* Required action *
Apart from the images, the entire listing below must be restated word for word.

++++ Supplied information

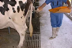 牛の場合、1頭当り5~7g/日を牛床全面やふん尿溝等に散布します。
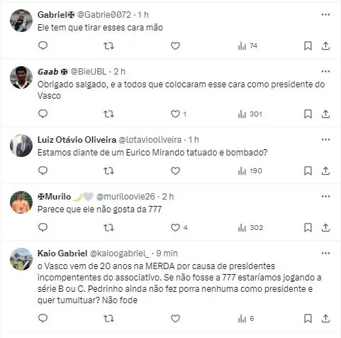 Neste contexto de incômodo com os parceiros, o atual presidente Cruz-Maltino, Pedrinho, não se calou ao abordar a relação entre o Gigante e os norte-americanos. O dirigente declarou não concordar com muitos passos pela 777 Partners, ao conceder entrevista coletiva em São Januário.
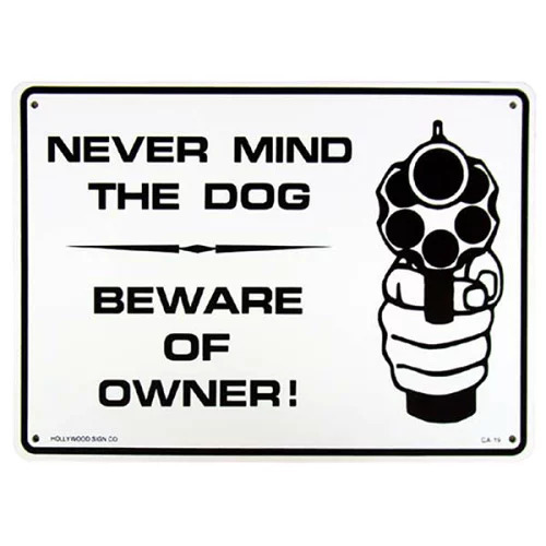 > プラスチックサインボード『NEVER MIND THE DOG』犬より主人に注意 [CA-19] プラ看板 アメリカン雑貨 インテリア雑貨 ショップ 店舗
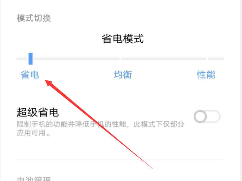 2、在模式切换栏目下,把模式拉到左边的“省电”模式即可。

++++++++

* Your solution *
 牛の場合、1頭当り5~7g/日を牛床全面やふん尿溝等に散布します。
 Neste contexto de incômodo com os parceiros, o atual presidente Cruz-Maltino, Pedrinho, não se calou ao abordar a relação entre o Gigante e os norte-americanos. O dirigente declarou não concordar com muitos passos pela 777 Partners, ao conceder entrevista coletiva em São Januário.
 > プラスチックサインボード『NEVER MIND THE DOG』犬より主人に注意 [CA-19] プラ看板 アメリカン雑貨 インテリア雑貨 ショップ 店舗
 2、在模式切换栏目下,把模式拉到左边的“省电”模式即可。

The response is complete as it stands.